- [Work task]: Print nothing except the line holding "關于同意樟樹市鄉村振興產業發展項目(第一期)可研的批復" and the lines that come after it in the material below, and leave the pictures out.

- [Information]:
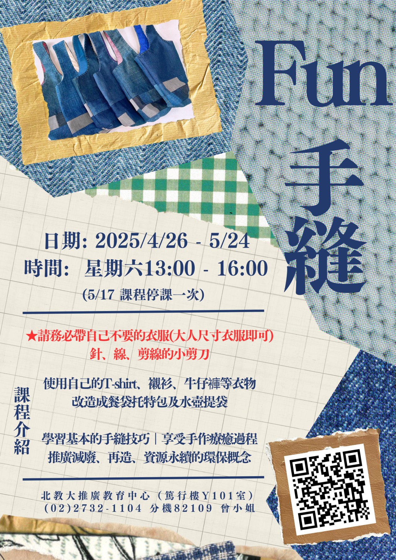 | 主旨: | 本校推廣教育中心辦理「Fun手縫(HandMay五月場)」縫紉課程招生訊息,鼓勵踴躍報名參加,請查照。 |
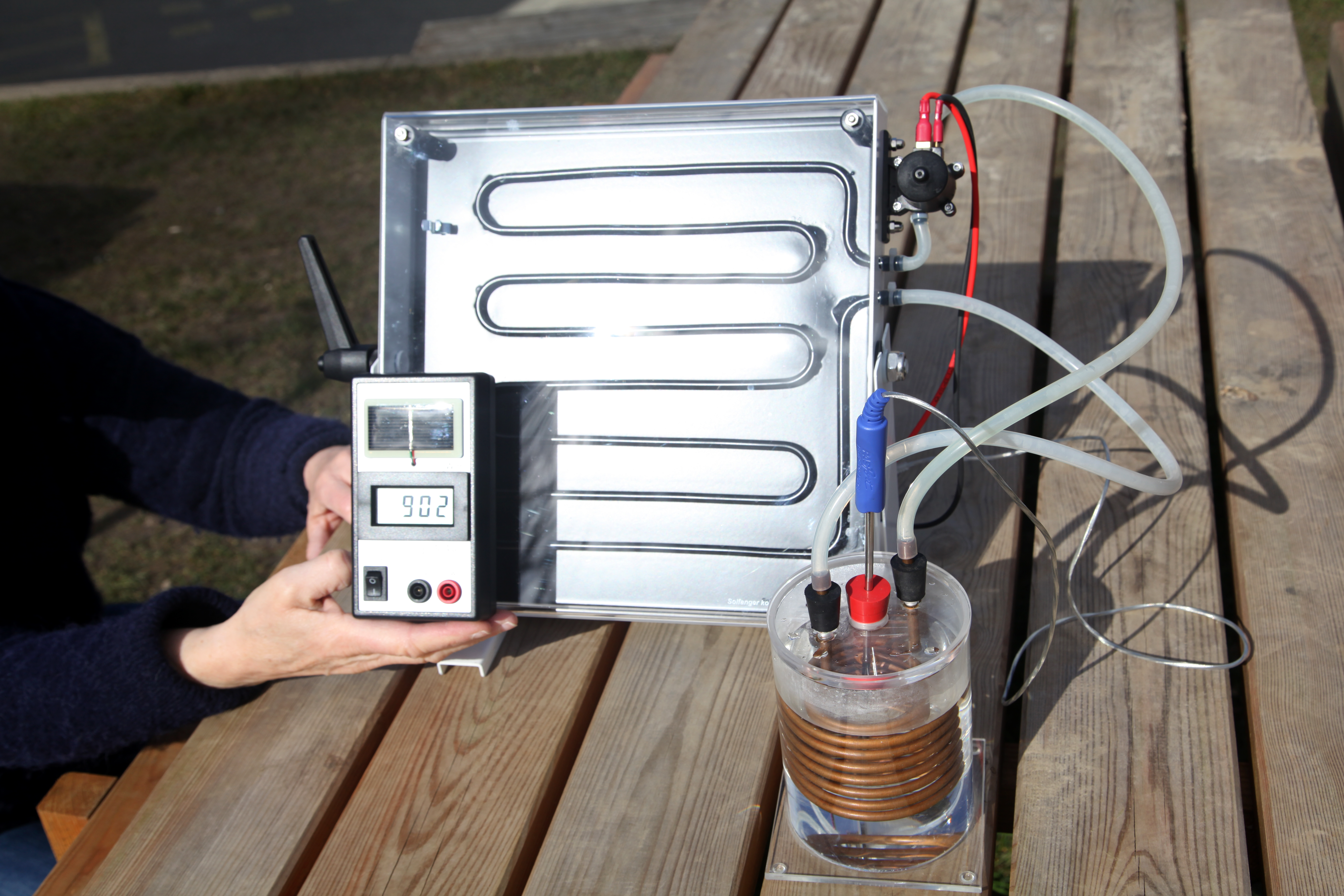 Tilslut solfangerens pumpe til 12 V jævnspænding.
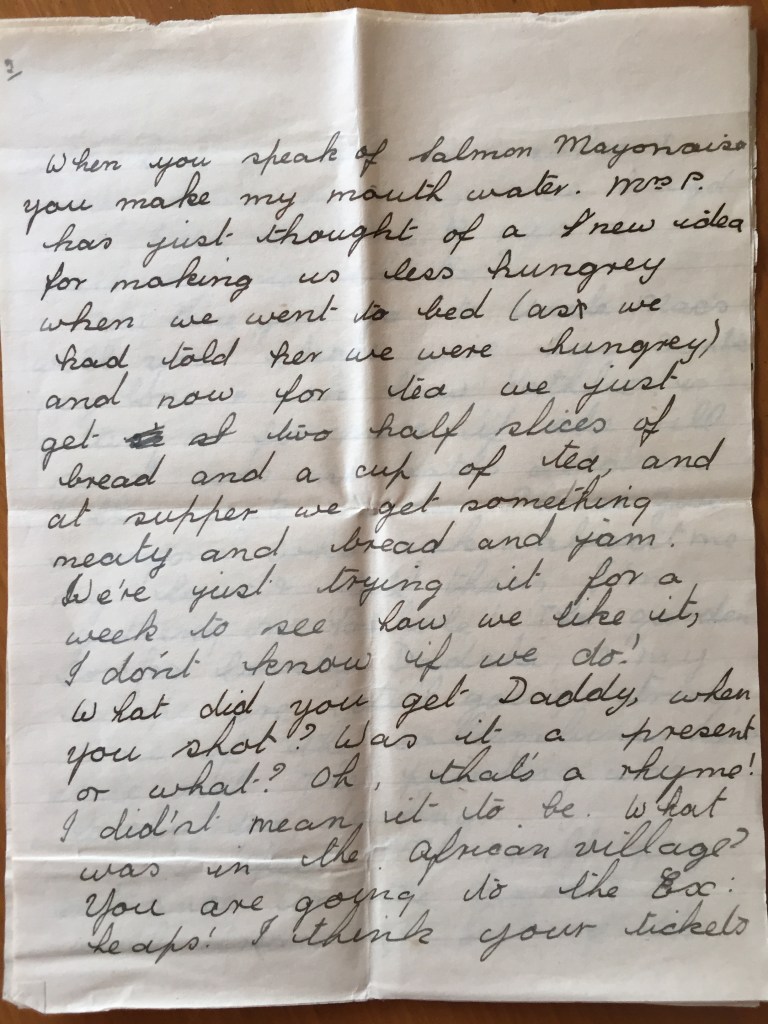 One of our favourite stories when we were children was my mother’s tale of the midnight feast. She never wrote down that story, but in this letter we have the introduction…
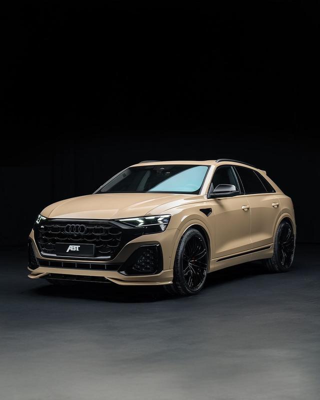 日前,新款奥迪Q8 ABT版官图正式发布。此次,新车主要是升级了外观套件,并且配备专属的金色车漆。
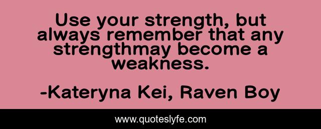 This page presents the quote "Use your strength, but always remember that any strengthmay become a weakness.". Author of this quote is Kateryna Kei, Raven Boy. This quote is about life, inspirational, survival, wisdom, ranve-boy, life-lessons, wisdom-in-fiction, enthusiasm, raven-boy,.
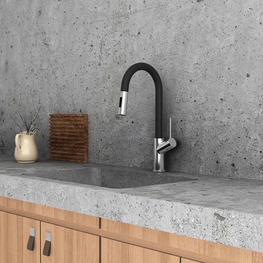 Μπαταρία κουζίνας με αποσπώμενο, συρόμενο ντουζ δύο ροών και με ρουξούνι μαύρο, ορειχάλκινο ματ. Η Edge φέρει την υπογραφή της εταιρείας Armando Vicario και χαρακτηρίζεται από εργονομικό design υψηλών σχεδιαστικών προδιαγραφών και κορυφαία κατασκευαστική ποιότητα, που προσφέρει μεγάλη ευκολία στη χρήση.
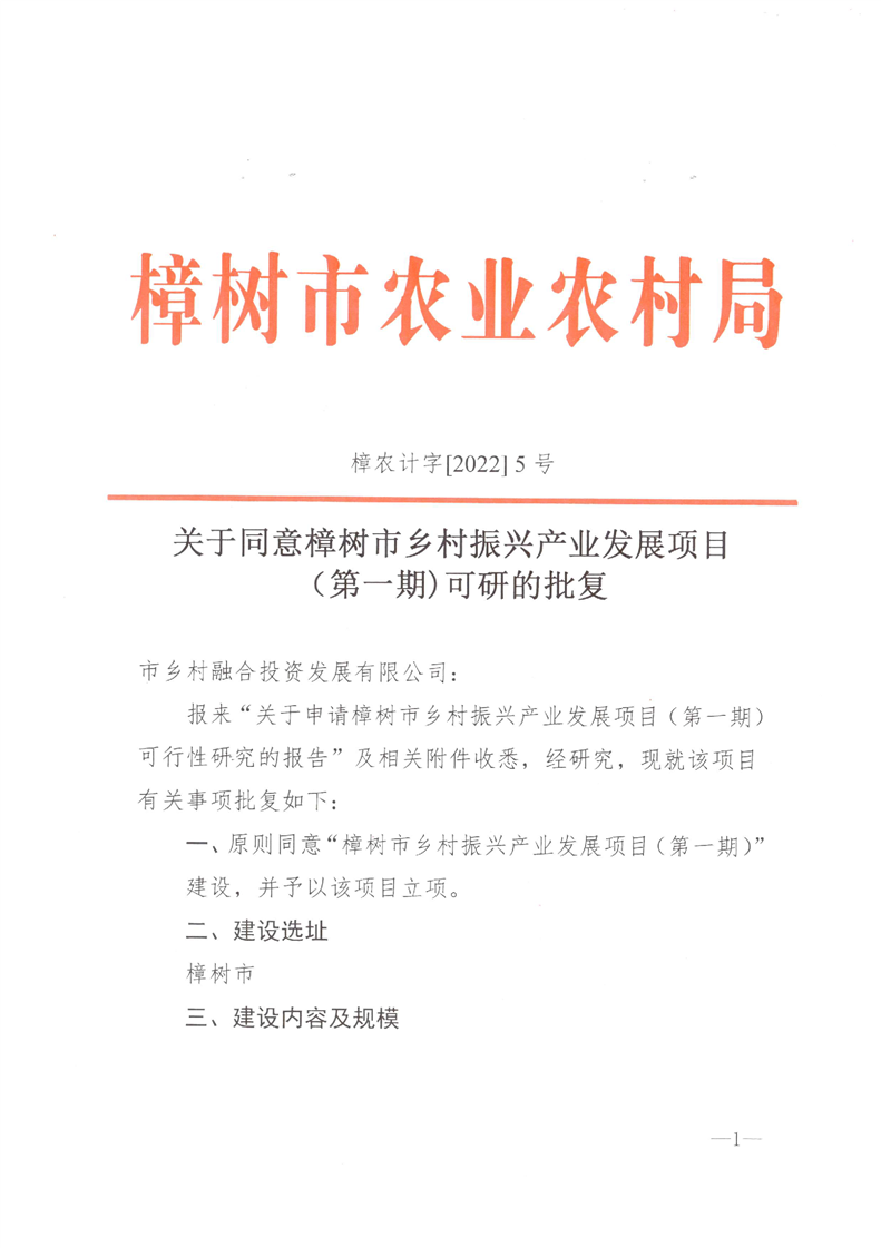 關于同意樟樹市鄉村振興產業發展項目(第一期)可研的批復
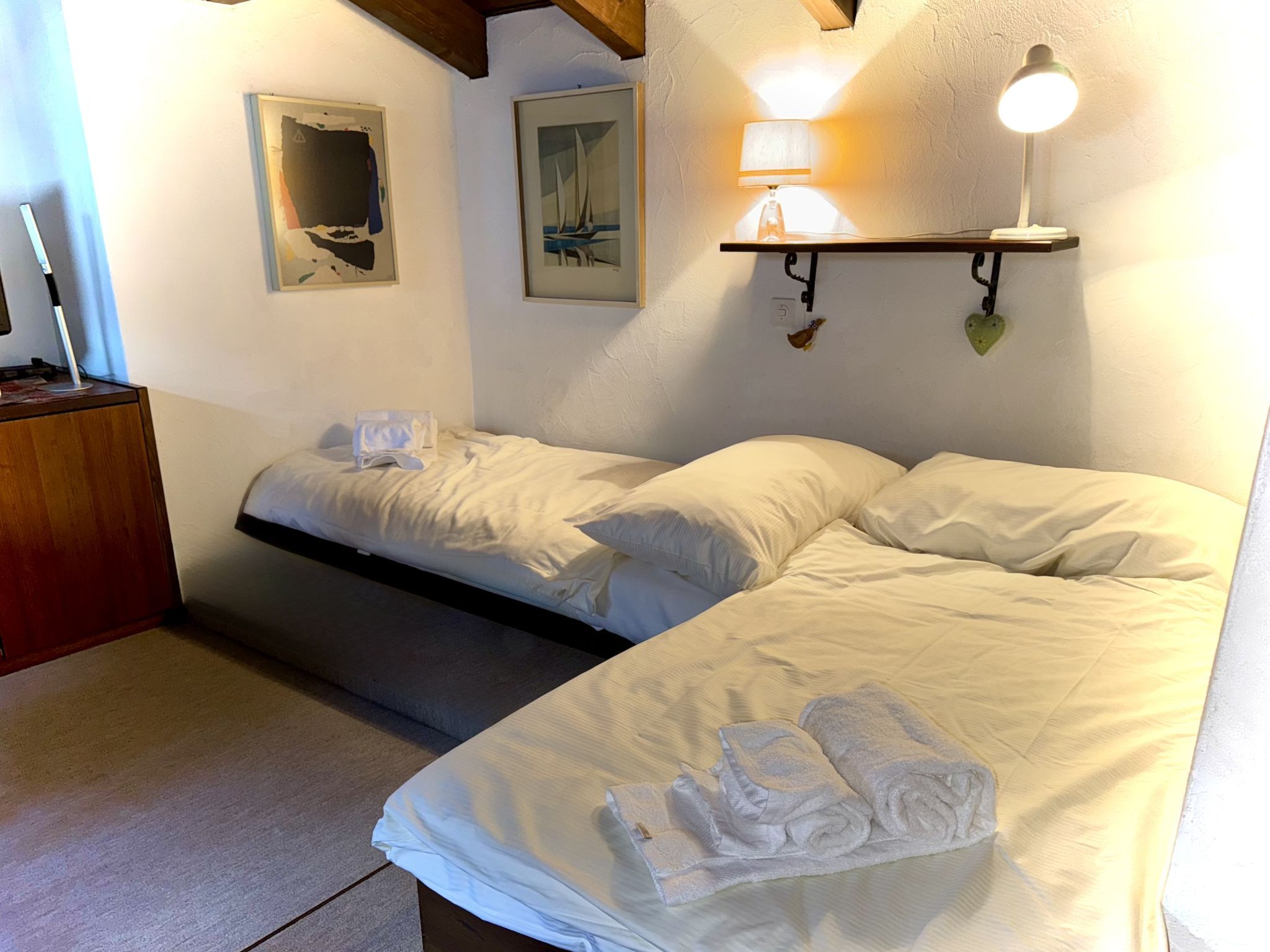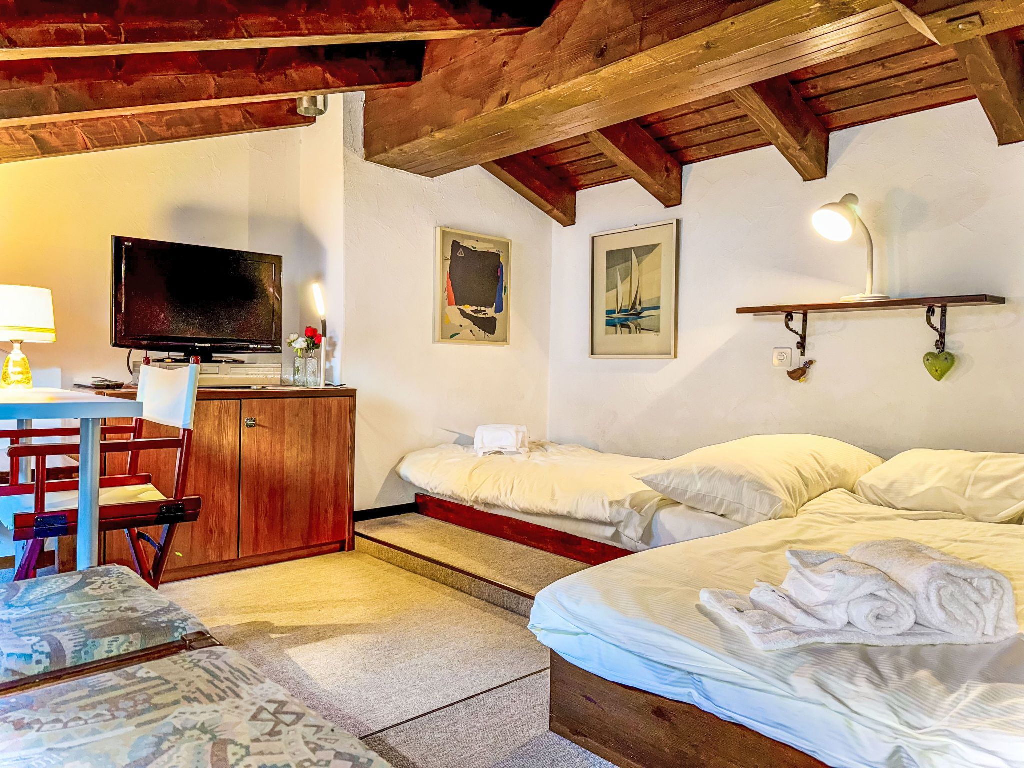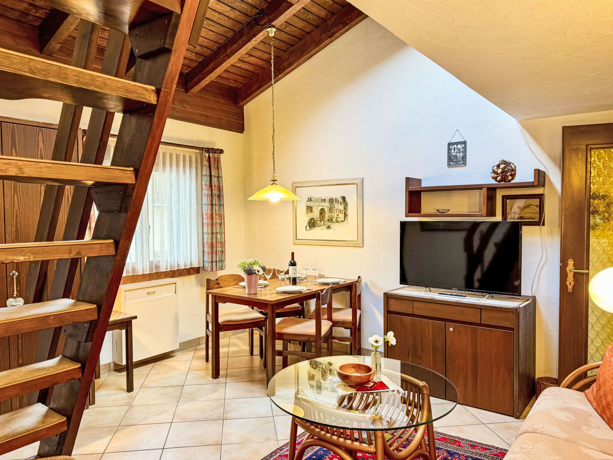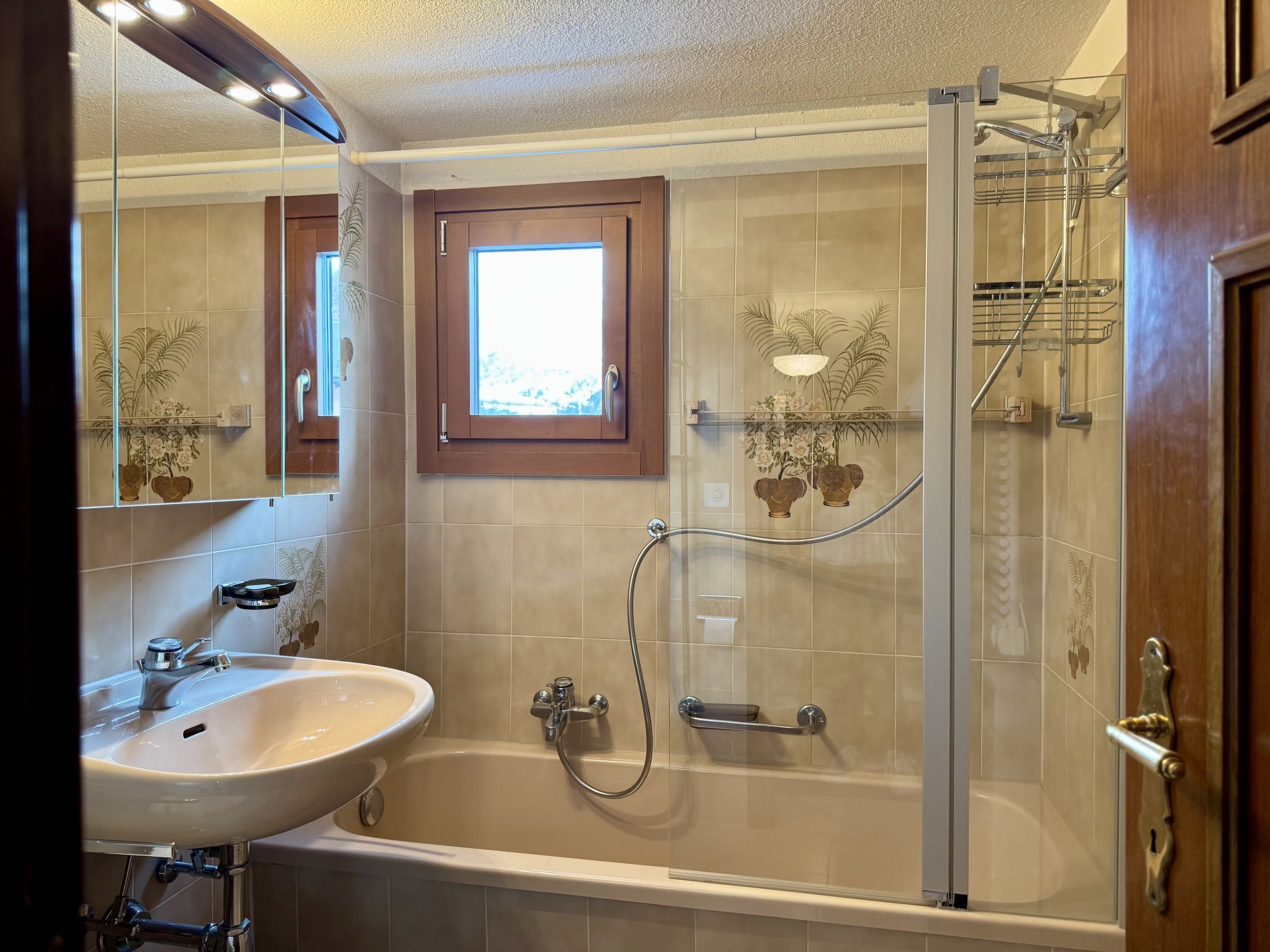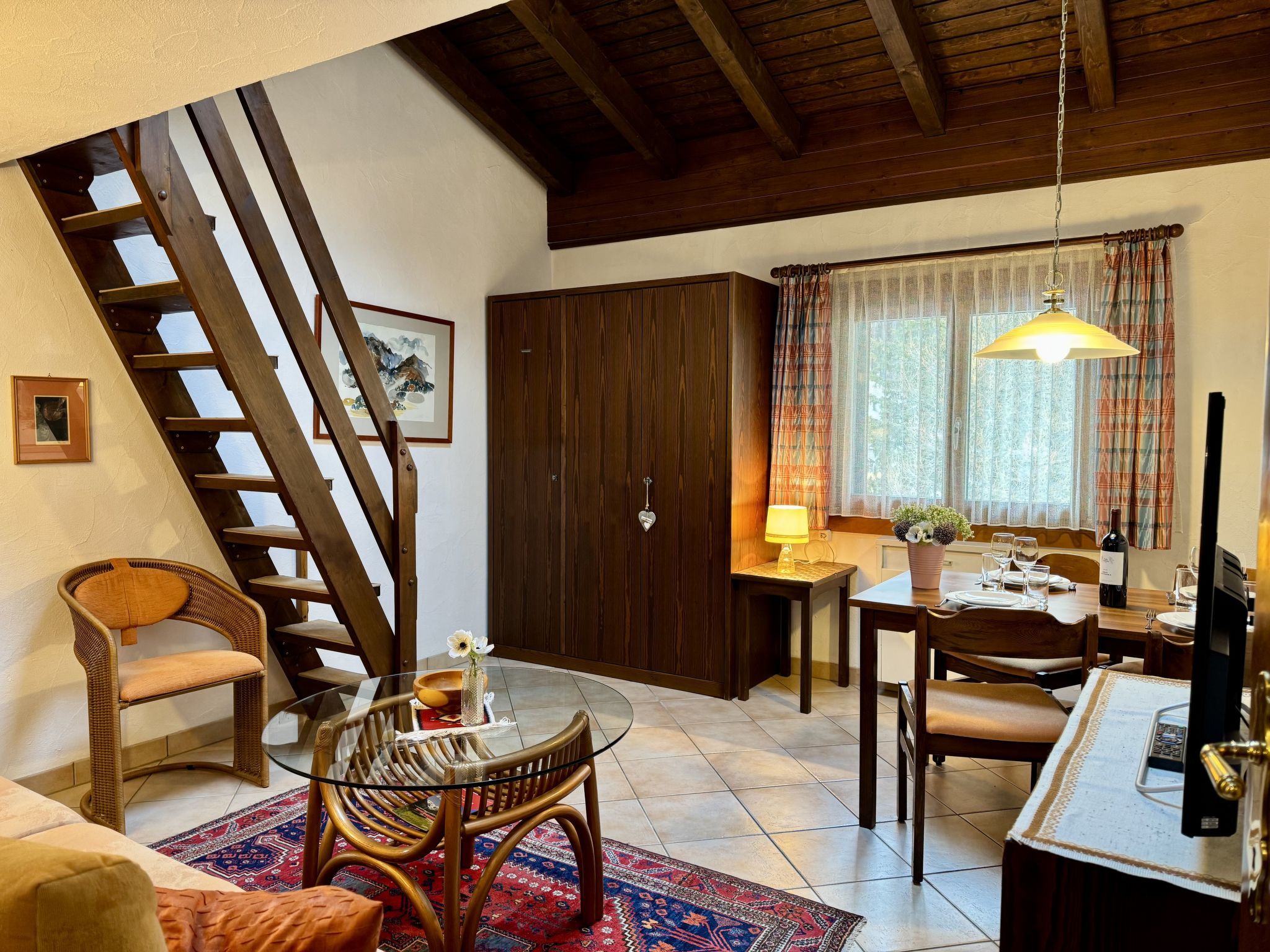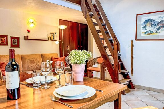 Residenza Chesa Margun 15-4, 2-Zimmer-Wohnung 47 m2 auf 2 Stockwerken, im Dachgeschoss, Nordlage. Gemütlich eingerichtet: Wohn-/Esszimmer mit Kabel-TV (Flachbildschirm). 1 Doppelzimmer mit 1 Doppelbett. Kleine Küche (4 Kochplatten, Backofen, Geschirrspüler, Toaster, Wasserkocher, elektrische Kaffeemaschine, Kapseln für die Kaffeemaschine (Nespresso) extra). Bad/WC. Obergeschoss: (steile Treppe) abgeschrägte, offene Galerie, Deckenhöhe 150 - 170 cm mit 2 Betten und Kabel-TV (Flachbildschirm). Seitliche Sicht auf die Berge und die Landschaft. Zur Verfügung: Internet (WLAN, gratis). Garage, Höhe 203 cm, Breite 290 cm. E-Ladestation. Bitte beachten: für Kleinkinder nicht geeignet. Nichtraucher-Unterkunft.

- [The answer]:
 關于同意樟樹市鄉村振興產業發展項目(第一期)可研的批復
 Residenza Chesa Margun 15-4, 2-Zimmer-Wohnung 47 m2 auf 2 Stockwerken, im Dachgeschoss, Nordlage. Gemütlich eingerichtet: Wohn-/Esszimmer mit Kabel-TV (Flachbildschirm). 1 Doppelzimmer mit 1 Doppelbett. Kleine Küche (4 Kochplatten, Backofen, Geschirrspüler, Toaster, Wasserkocher, elektrische Kaffeemaschine, Kapseln für die Kaffeemaschine (Nespresso) extra). Bad/WC. Obergeschoss: (steile Treppe) abgeschrägte, offene Galerie, Deckenhöhe 150 - 170 cm mit 2 Betten und Kabel-TV (Flachbildschirm). Seitliche Sicht auf die Berge und die Landschaft. Zur Verfügung: Internet (WLAN, gratis). Garage, Höhe 203 cm, Breite 290 cm. E-Ladestation. Bitte beachten: für Kleinkinder nicht geeignet. Nichtraucher-Unterkunft.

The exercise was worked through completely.